Mr. Liu joined the Politburo last October and last Monday became China’s vice premier for financial and industrial policy.
Jan Svejnar, the director of the Center on Global Economic Governance at Columbia University, said that China’s rapid shake-up in top financial regulatory jobs indicated that the country’s leaders were determined to act on weaknesses in the financial system. “They are interested because they want to contain any problems that will arise,” he said.
Word of Mr. Guo’s new role spread rapidly on Sunday morning at the China Development Forum, one of the country’s premier annual gatherings for economic policy experts from around the world. The People’s Bank of China declined to provide any immediate comment.
Mr. Yi gave a speech and took questions from the audience at the conference in the early afternoon but did not mention Mr. Guo. In his speech, Mr. Yi said that China would act resolutely against anyone who engaged in illegal financial activities without a license — a reference to a continuing campaign against so-called shadow banking.
China said last November that it would open its financial sector to greater international competition, in an unsuccessful move to tamp down President Trump’s demands for a narrowing of the United States trade deficit with China. Mr. Yi, explaining himself clearly in terms that frequently hinted at his background as an economics professor, said that the opening would continue.
“The more a sector opens, the more competitive it will become,” he said.
After a quarter-century of rapid growth, the Chinese economy stalled momentarily at the start of 2009 during the global financial crisis. China’s leaders responded by flooding the economy with credit, in a massive monetary stimulus program that exceeded those of the Federal Reserve and the European Central Bank in terms of the increase in broadly measured money supply.
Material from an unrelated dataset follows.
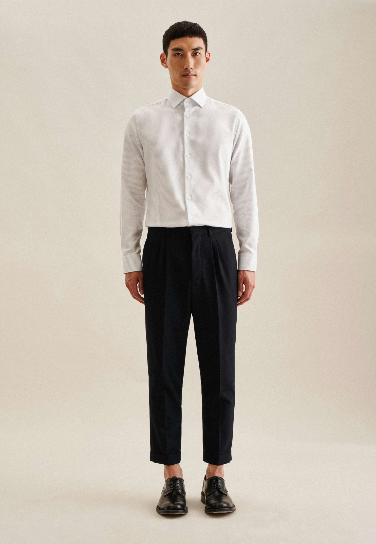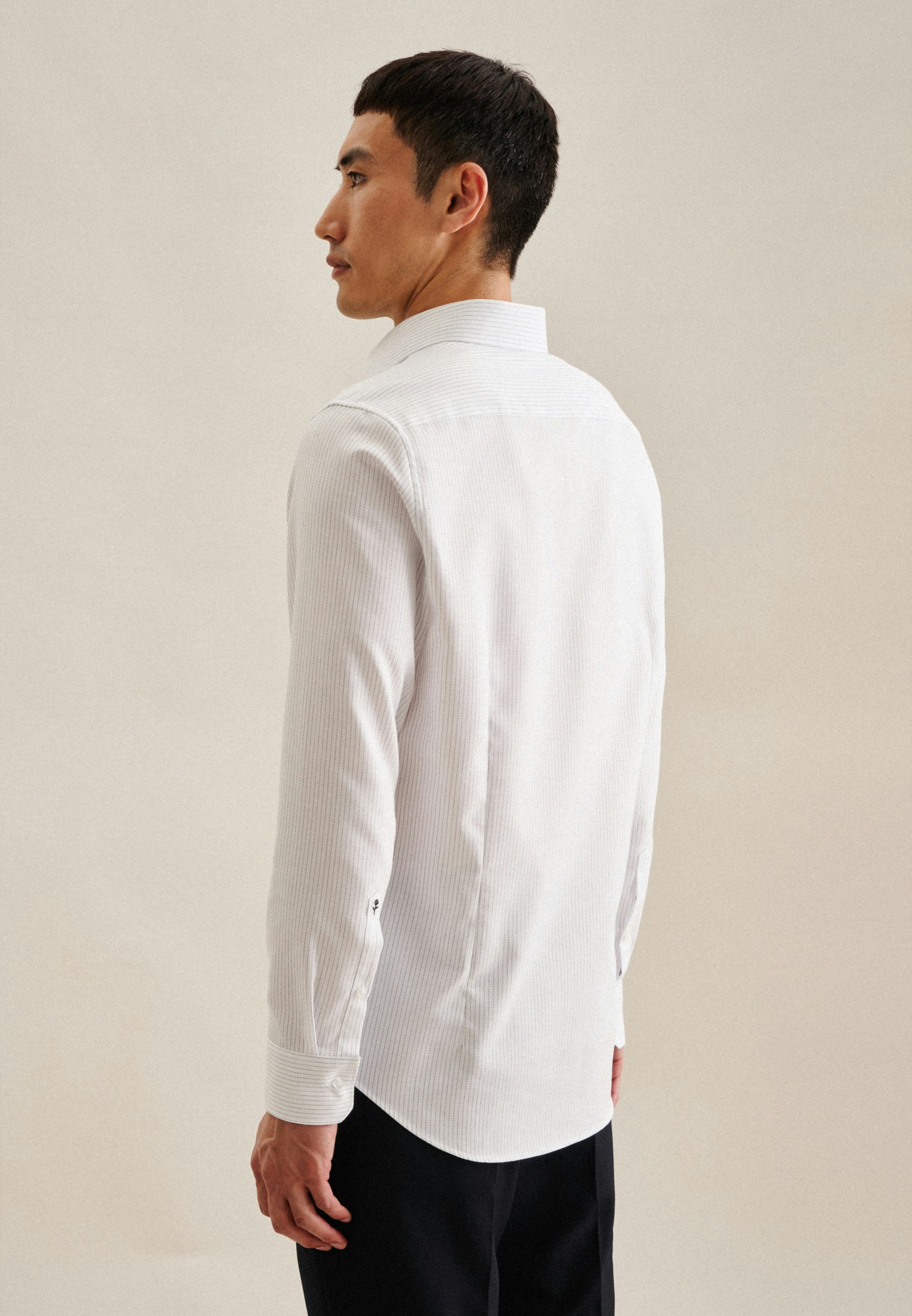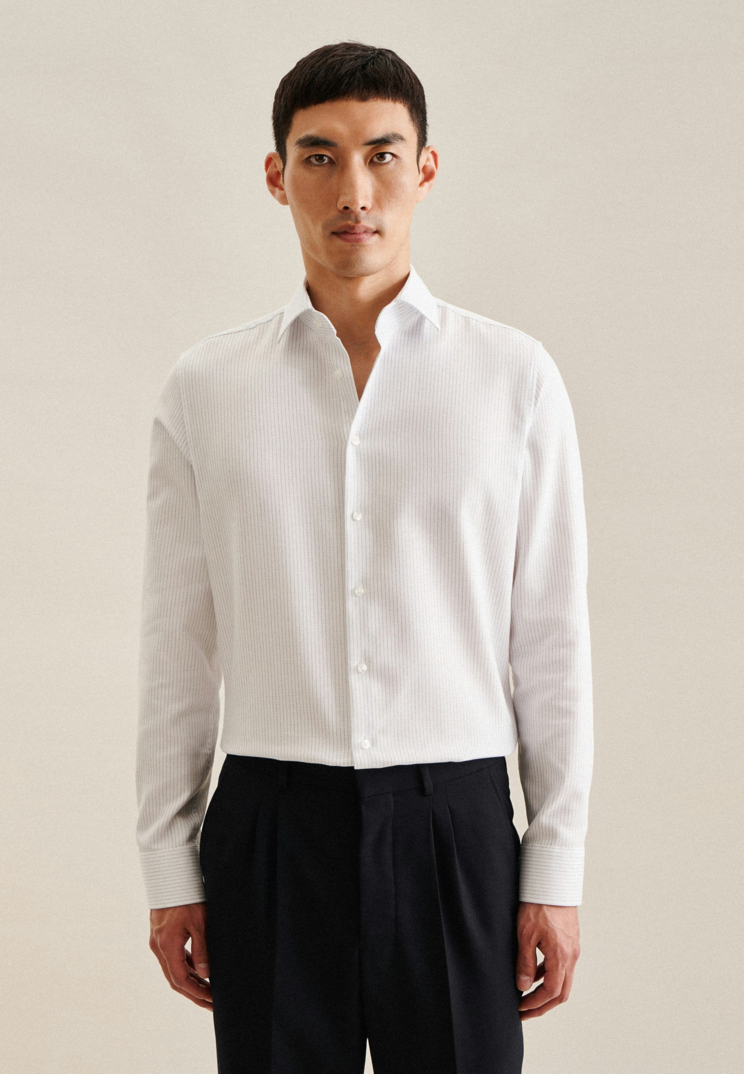 Maskuline Ästhetik: Ihre Silhouette wird stilvoll inszeniert mit dem blickdichten Business Hemd von Seidensticker aus der "SMART CLASSICS" Kollektion. Es ist ein perfekter Begleiter, der sich ideal für Veranstaltungen, Homeoffice oder Büro eignet und zu vielen unterschiedlichen Looks passt. Die gewebte Struktur ist aus 100% Baumwolle - die ideale Leinwand für Ihre ganz eigenen Kombinationen. Die schmale Silhouette dieses Business Hemds in der Passform Shaped ist figurbetont ohne zu eng anzuliegen. Durch das Streifen-Muster ist Ihr neues Kleidungsstück elegant und zugleich modisch. Balanceakt zwischen Klassik und Moderne: das smarte Seidensticker Hemd. Für Liebhaber von eleganten Looks ist dieses Langarm-Business Hemd eine gute Wahl. Es wird durch weitenverstellbare Manschetten perfektioniert. Durch den Kentkragen wird der universelle Business-Charakter hervorgehoben.

That stimulus program allowed the Chinese economy to resume rapid growth almost immediately. But China has been adding debt ever since, building a national grid of high-speed train lines and forests of city skyscrapers as leaders have been reluctant to let growth slow.
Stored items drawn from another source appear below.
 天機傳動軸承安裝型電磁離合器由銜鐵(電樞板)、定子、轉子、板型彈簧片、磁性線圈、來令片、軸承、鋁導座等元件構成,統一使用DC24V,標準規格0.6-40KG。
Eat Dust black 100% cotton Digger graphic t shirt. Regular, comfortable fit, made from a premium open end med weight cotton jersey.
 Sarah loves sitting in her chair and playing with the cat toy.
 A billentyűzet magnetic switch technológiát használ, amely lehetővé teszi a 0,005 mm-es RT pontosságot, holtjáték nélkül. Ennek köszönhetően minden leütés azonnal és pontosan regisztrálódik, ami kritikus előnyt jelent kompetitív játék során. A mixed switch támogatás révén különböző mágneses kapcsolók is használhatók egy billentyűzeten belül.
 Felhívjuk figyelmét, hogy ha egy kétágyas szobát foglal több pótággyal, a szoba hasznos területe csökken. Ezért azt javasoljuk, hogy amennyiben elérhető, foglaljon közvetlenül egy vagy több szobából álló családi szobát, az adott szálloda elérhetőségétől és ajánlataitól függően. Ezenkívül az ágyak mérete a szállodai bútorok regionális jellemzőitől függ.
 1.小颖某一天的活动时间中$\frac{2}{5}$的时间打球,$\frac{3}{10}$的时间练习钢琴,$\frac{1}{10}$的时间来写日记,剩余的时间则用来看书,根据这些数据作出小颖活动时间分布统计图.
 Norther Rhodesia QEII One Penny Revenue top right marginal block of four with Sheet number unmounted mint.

Two credit rating agencies, Standard & Poor’s and Moody’s, downgraded China’s sovereign debt last year on concerns about the buildup of domestic debt. Chinese officials have publicly acknowledged that they need to address rising leverage but contend that the country’s minimal foreign debt, strong economic growth and increasingly stringent financial regulation mean that they have ample time to defuse the problem without a sharp slowdown in economic growth.
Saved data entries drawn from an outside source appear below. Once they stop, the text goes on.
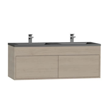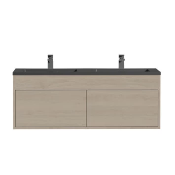 Het Tiger Helsinki badkamermeubel is een simplistisch, modern en greeploos meubel in Scandinavisch design. De wastafelonderkast is voorzien ruime lades waarin alle badkamerspullen overzichtelijk opgeborgen kunnen worden. Voor extra comfort is deze onderkast voorzien van handige ‘push to open’ lades waardoor ze al middels één simpele aanraking openen. De warme houttint geeft een sfeervol karakter aan het meubel. Daarnaast krijgt het meubel, door de voelbare houtnerf, een mooie natuurlijke uitstraling. De stakke, mat zwarte polybeton wastafel met immitatie natuursteen look maakt deze set compleet.
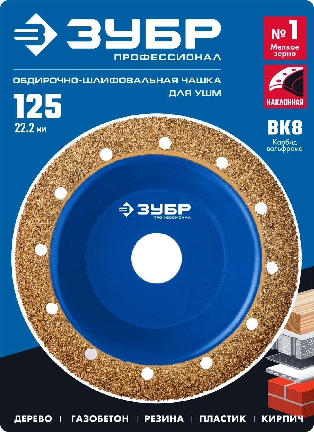 Наклонная обдирочно-шлифовальная чашка ЗУБР №1 мелкое зерно 125 мм ВК8
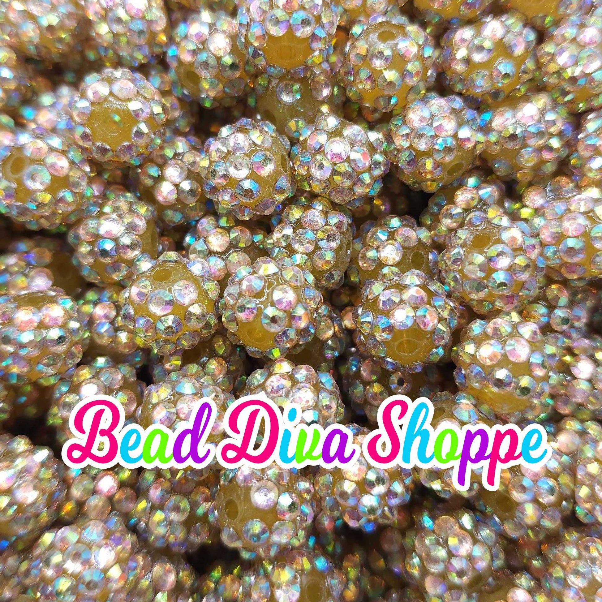 12mm - Set of 10 - GOLD RHINESTONE Beads - Bubblegum - Rhinestone - Acrylic Beads for DIY and Jewelry Making Supplies
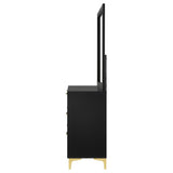Elegance meets functionality in the Dresser and Mirror set, with its modern glam design that maximizes your space while offering ample storage. The sleek dresser's boxy black frame and six spacious drawers provide a bold and organized focal point in your bedroom. Each drawer, accented with slender pull handles, contrasts beautifully with the finish, while the bracket legs echo the metallic theme. The accompanying mirror's tall, clean-lined frame enhances the setup, creating an ideal vanity space that blends seamlessly with any color palette. This set is not just a statement piece; it's a testament to sophisticated design that serves everyday needs with style.

Mr. Guo has previously served as the chairman of the China Securities Regulatory Commission and as the governor of Shandong Province — two posts that gave him considerable clout and status in the Communist Party, which oversees all agencies of the government.
By contrast, Mr. Yi is a former economics professor in Indiana who then taught in Beijing and spent the past two decades working his way up the ranks of the civil service at the central bank.
Angel Gurría, the secretary general of the Paris-based Organization for Economic Cooperation and Development, said that the clear trend in recent weeks in China had been for the top jobs to be filled by technocrats with extensive financial expertise and with strong political credentials. He also cited Liu Kun, a longtime budget expert who became China’s finance minister last Monday.
“The trend is very clear — you strengthen the political level with people who are very knowledgeable in their expertise,” Mr. Gurría said.
Other experts in Chinese policymaking said that the real contrast right now was between Liu He and his predecessor as vice premier for financial and industrial policy, Ma Kai. Mr. Ma was an influential advocate of the country’s state-owned enterprises and was wary of policy changes that might result in bankruptcies at these enterprises leading to job losses.
That concern for state-owned enterprises appears to have faded as debt has become a bigger worry. But while Mr. Xi, the president, and Premier Li Keqiang and other leaders have all talked lately about addressing debt, the question remains whether they will keep tightening the brakes on China’s credit system if the economy slows noticeably this year.
One of the dilemmas for China’s leaders in choosing a successor for Mr. Zhou at the central bank was that whoever holds the title of governor is expected these days to travel extensively to meetings with other central bank governors to coordinate policy. That makes the governor somewhat less able to participate in the continuous debate in Beijing over exactly which domestic financial policies to adopt.
Mr. Yi speaks excellent English and will now play the role of China’s monetary policy statesman to the world. But adding Mr. Guo as party secretary means that an influential and strongly pro-reform voice will represent the central bank in interagency debates in Beijing, even when Mr. Yi is out of the country.